Un film non è mai “solamente” un film. E mai come One Second, l’ultima fatica di Zhang Yimou (la penultima a dire il vero, visto che il successivo Cliff Walkers ha già iniziato da mesi la propria circuitazione), rispecchia in pieno questa convinzione.

Annunciato al Festival di Berlino 2019, poi “misteriosamente” cancellato, One Second ha avuto non pochi problemi con la censura cinese, che ne ha anche impedito la partecipazione ai Golden Rooster nazionali.

Non sappiamo, non lo sapremo mai forse (a meno che un domani non arriverà un director’s cut del film), se il “prodotto finito” arrivato ora alla Festa di Roma, previa passaggio San Sebastian e Toronto (prossimamente nelle sale grazie a Fenix Entertainment e Europictures) è quello che il regista di Lanterne rosse e Hero avesse in mente dall’inizio.

Quel che è certa è la volontà di ritornare a confrontarsi con un cinema lontano dalle geografie spettacolari dei vari wuxiapan – blockbuster che ne hanno decretato le fortune a livello internazionale, tornando a misurarsi con tematiche e caratteri più vicini ai suoi esordi.

E il secondo che dà il titolo al film racchiude in sé tutta la potenza che un singolo fotogramma può custodire per gli occhi di chi guarda.

One Second
One Second
One Second
One Second

Non è peregrino allora parlare di questo come del Nuovo Cinema Paradiso di Zhang Yimou, che ci riporta agli anni della Rivoluzione Culturale, nel nord della Cina, nella regione dei deserti del Gansu: proprio attraverso dune stravolte dal vento incomincia la fuga di Zhang (Zhang Yi), uomo che capiremo poco più avanti è prigioniero in un campo di lavoro forzato da sei anni.

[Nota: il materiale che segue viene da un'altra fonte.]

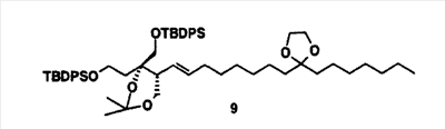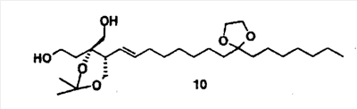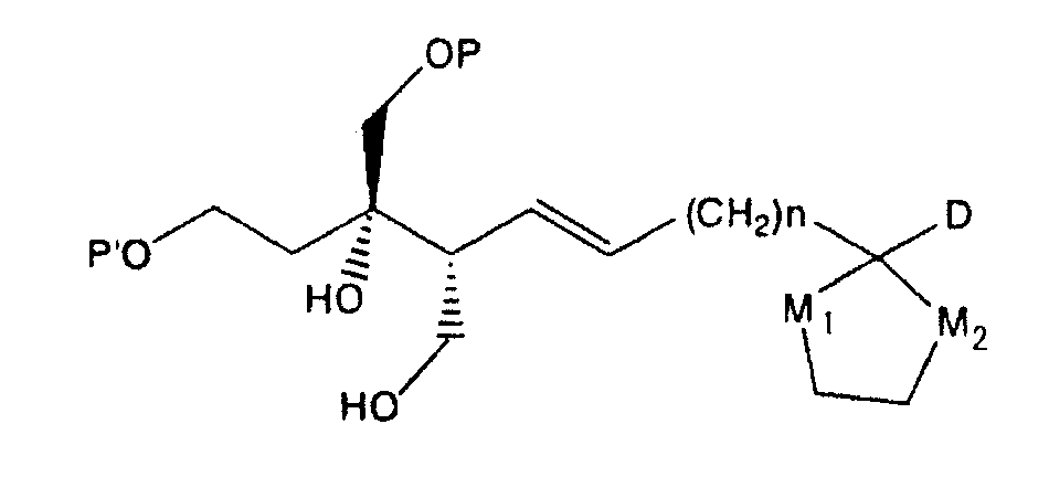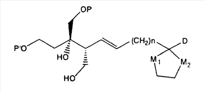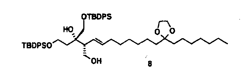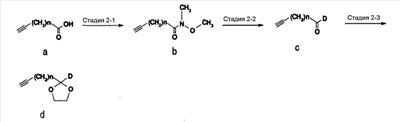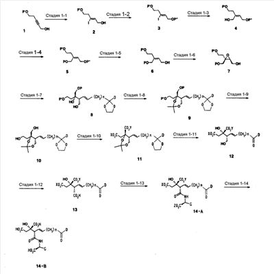 (где Е и G имеют такие же значения, какие указаны выше, и Z представляет собой неразветвленную или разветвленную алкильную группу или защитную группу карбоксильной группы) в присутствии основания и агента сочетания с получением соединения, представленного формулой: (где А, D, E, G, X, Y и Z имеют такие же значения, какие указаны выше) и затем, при необходимости, обработку данного соединения для проведения гидролиза, восстановления, аминирования или амидирования, гидроксииминирования и/или превращения эфира, чтобы получить требуемое соединение формулы (I). Ниже поясняется пример способа синтеза соединения, представленного формулой (I) настоящего изобретения, с применением следующей схемы реакций. Общий способ получения 1 В вышеуказанных формулах каждый из символов имеет такие же значения, как значения, приведенные в вышеуказанной формуле (I), и каждый из Р, P’ и P” представляет собой гидроксизащитную группу. Исходное соединение в форме соединения 1 можно синтезировать по способу, описанному в литературе (J. Org. Chem. 1989, 45, 5522, B.E. Marron, et al.). Стадия 1-1 После взаимодействия соединения 1 с восстанавливающим агентом, таким как бис-(2-метоксиэтокси)алюминийнатрийгидрид или алюминийлитийгидрид, в растворителе, таком как различные простые эфиры, такие как диэтиловый эфир, тетрагидрофуран или диоксан, или бензол, толуол или циклогексан или смесь таких растворителей, при комнатной температуре или охлаждении, предпочтительно, при температуре ниже температуры льда, соединение 2 может быть получено обработкой йодом при охлаждении, предпочтительно, при температуре -78°С. Стадия 1-2 Соединение 2 затем подвергают взаимодействию с дигидропираном в растворителе, таком как диэтиловый эфир, толуол, циклогексан, метиленхлорид, хлороформ, 1,2-дихлорэтан или этилацетат или смесь таких растворителей, и в присутствии каталитического количества кислоты, такой как пара-толуолсульфонат пиридиния, толуолсульфоновая кислота, метансульфоновая кислота, уксусная кислота, трифторуксусная кислота или разбавленная хлористоводородная кислота, либо при комнатной температуре, либо при охлаждении, предпочтительно, при температуре ниже температуры льда, получая при этом соединение 3. Стадия 1-3 Соединение 3 подвергают взаимодействию с сильным основанием, таким как трет-бутилитий, н-бутиллитий или втор-бутиллитий, в растворителе, таком как различные простые эфиры, такие как диэтиловый эфир, тетрагидрофуран или диоксан, или бензол, толуол или циклогексан или смесь таких растворителей, при комнатной температуре или при охлаждении, предпочтительно, при температуре -78°С, с последующим добавлением формальдегида и предоставлением возможности для взаимодействия смеси при охлаждении, предпочтительно, при температуре ниже температуры льда, с получением соединения 4. Стадия 1-4 Соединение 4 подвергают взаимодействию с трет-бутилдифенилхлорсиланом в растворителе, таком как N,N-диметилформамид, тетрагидрофуран, метиленхлорид или хлороформ или смесь таких растворителей, и в присутствии основания, такого как имидазол, триметиламин или пиридин, либо при комнатной температуре, либо при охлаждении, предпочтительно, при температуре ниже температуры льда, с получением соединения 5. Стадия 1-5 Соединение 5 подвергают взаимодействию в различных спиртовых растворителях, таких как этанол, мет

Ha scoperto che l’unica possibilità di rivedere sua figlia è assistere alla proiezione di un cinegiornale di matrice governativa, “catturata” da quella pellicola per un breve istante. Peccato però che sulla sua strada si metterà la giovane Liu (Liu Haocun), orfana disposta a tutto pur di impossessarsi di una pizza di pellicola da portare al fratellino, reo di aver rotto involontariamente un paralume decorato proprio con dei frammenti di pellicola.

Con una partenza che ricorda le commedie tristi di matrice chapliniana, caratterizzata dai continui ruba e ri-ruba di questa fantomatica bobina, One Second svela poco a poco le proprie carte, trovando la sua dimensione definitiva proprio all’interno di quella sala adattata a cinema dove “Mr. Movie”, il proiezionista del villaggio, è considerato dai locali alla stregua di un mago capace di regalare loro indimenticabili momenti di evasione.

La partecipazione collettiva non è solo quella della visione però, ma anche quella che la precede, indispensabile affinché la proiezione possa esistere: tutti allora si danno da fare quando bisognerà ripulire e disintrecciare metri di pellicola arrivati malconci a destinazione.

One Second
One Second
One Second
One Second

E poco importa se il film da vedere è praticamente (quasi) sempre lo stesso (Heroic Sons and Daughters, pistolotto epico propagandistico), quello che conta è poter rivivere ancora una volta la magia della luce nel buio di una sala scalcagnata.

Mentre per il fuggitivo è quel solo, unico secondo, a contare più di qualsiasi cosa. A dispetto del rischio di essere nuovamente catturato.

Non sapremo mai, come detto, se e quanto Zhang Yimou volesse andare più in profondità relativamente al contesto riportato in superficie, se siano state tagliate situazioni o dialoghi. Quello che resta è un piccolo ritaglio di pellicola, quel secondo, catturato per sempre dalla sabbia. Ma rimasto impresso negli occhi di chi ha combattuto per poterlo vedere.